▶ _PROBLEM STATEMENT_
What is needed is an exact copy of the lines in the entries below from the one holding "MİN JAE+Eski epicler" through the one holding "Suite Zemmour is", pictures excluded.

▶ _SUPPLIED RECORDS_
--------
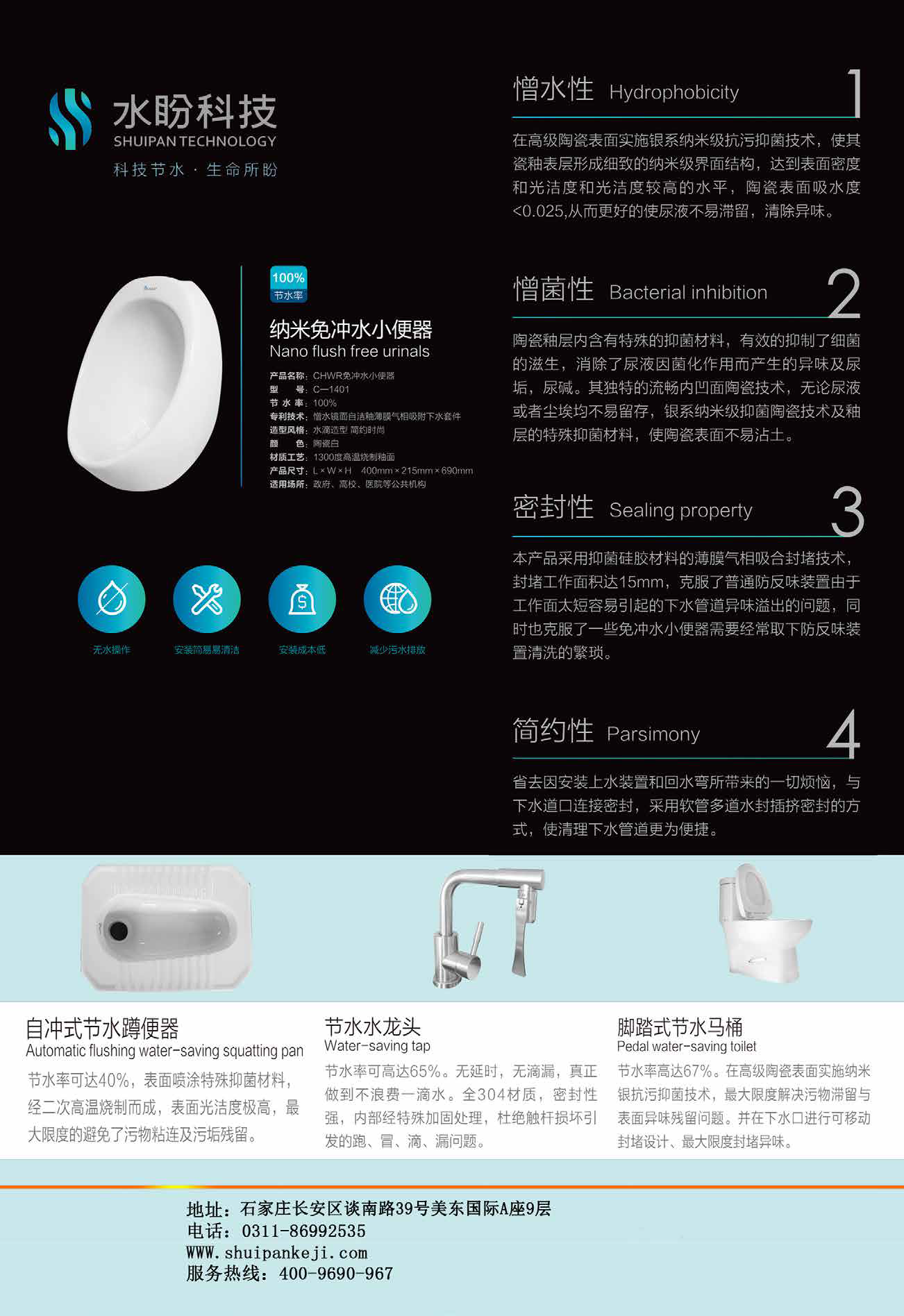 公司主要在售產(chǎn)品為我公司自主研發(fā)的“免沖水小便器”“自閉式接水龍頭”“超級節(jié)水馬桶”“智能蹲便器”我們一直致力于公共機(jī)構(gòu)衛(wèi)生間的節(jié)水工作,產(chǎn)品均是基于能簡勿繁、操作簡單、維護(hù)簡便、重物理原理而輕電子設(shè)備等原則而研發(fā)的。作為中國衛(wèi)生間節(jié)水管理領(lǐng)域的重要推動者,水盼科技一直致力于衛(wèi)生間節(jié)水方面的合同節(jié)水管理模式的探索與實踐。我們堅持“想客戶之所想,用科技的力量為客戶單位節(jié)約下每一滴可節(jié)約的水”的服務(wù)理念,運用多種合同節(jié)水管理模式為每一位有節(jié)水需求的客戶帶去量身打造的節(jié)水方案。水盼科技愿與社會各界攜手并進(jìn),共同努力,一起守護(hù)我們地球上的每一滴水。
--------
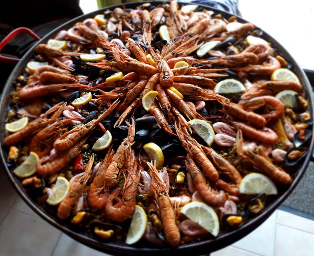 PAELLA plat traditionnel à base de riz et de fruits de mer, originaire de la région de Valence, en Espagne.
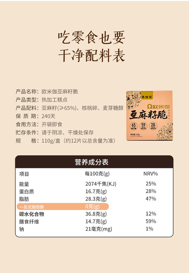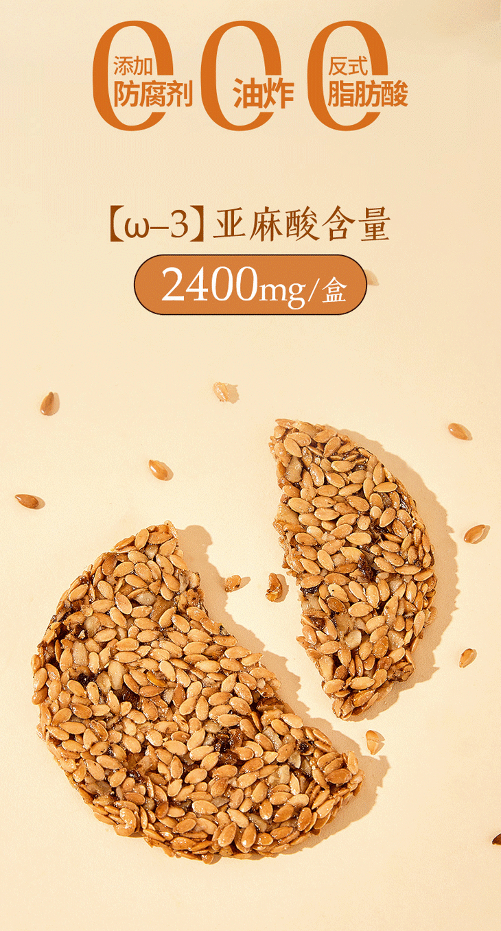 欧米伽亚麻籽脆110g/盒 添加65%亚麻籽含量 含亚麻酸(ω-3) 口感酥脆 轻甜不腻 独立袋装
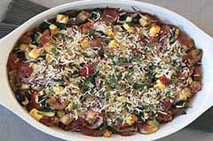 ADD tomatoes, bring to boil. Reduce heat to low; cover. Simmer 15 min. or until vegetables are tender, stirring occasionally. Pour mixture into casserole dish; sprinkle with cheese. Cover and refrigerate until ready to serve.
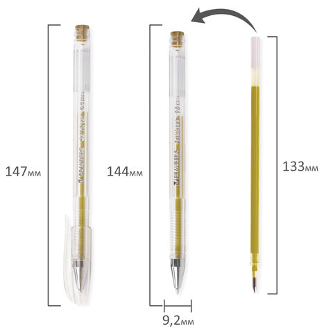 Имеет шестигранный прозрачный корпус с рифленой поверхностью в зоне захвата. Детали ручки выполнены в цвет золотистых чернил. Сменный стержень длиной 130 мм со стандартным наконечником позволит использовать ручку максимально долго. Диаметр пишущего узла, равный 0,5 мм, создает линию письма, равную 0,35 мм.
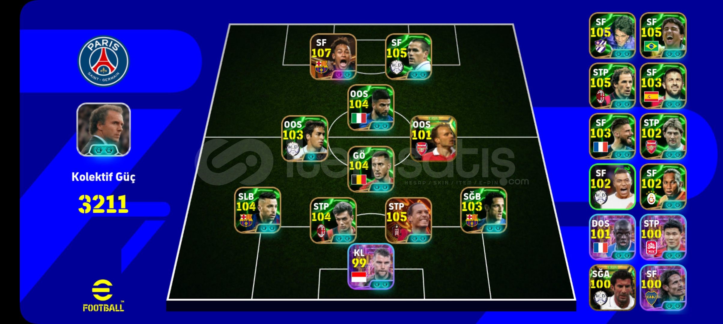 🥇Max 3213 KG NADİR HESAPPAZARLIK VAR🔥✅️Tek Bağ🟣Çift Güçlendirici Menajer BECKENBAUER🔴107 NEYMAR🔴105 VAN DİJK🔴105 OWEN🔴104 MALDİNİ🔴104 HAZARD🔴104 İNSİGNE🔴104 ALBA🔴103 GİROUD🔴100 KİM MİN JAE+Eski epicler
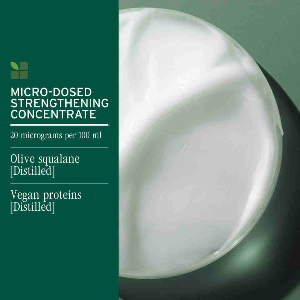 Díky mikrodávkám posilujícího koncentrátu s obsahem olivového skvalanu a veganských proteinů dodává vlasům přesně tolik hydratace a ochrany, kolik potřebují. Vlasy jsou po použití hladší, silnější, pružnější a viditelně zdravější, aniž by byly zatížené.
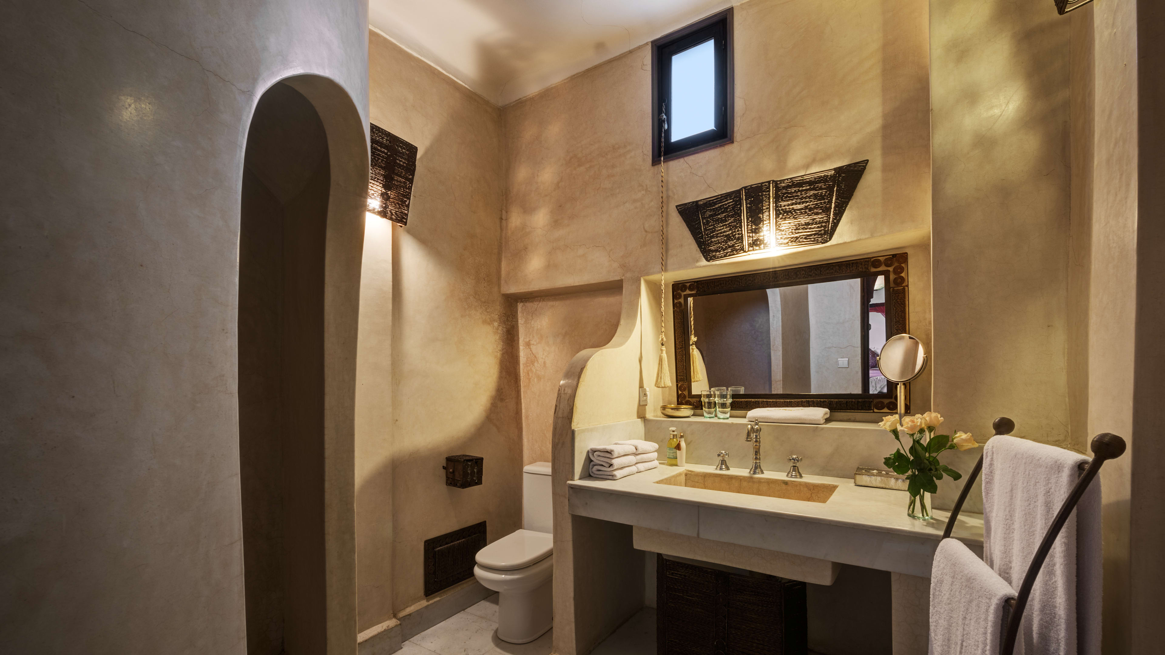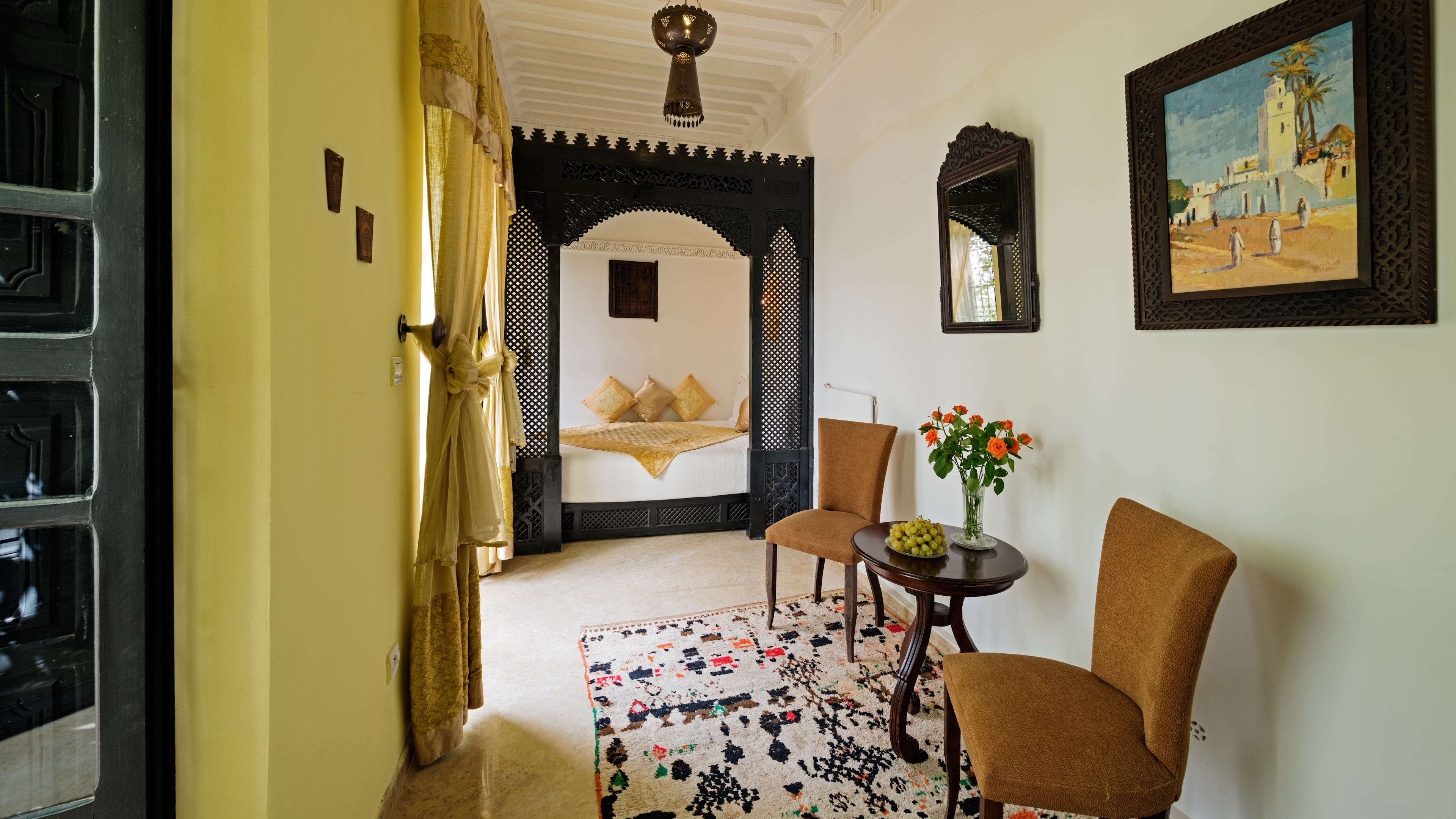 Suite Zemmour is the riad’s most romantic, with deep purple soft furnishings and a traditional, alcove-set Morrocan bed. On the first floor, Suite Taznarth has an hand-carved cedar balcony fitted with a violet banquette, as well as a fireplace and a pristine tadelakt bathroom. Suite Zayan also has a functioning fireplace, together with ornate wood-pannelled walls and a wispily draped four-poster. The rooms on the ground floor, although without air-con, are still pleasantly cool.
--------
▶ _EXERCISE OUTPUT_
 🥇Max 3213 KG NADİR HESAPPAZARLIK VAR🔥✅️Tek Bağ🟣Çift Güçlendirici Menajer BECKENBAUER🔴107 NEYMAR🔴105 VAN DİJK🔴105 OWEN🔴104 MALDİNİ🔴104 HAZARD🔴104 İNSİGNE🔴104 ALBA🔴103 GİROUD🔴100 KİM MİN JAE+Eski epicler
 Díky mikrodávkám posilujícího koncentrátu s obsahem olivového skvalanu a veganských proteinů dodává vlasům přesně tolik hydratace a ochrany, kolik potřebují. Vlasy jsou po použití hladší, silnější, pružnější a viditelně zdravější, aniž by byly zatížené.
 Suite Zemmour is the riad’s most romantic, with deep purple soft furnishings and a traditional, alcove-set Morrocan bed. On the first floor, Suite Taznarth has an hand-carved cedar balcony fitted with a violet banquette, as well as a fireplace and a pristine tadelakt bathroom. Suite Zayan also has a functioning fireplace, together with ornate wood-pannelled walls and a wispily draped four-poster. The rooms on the ground floor, although without air-con, are still pleasantly cool.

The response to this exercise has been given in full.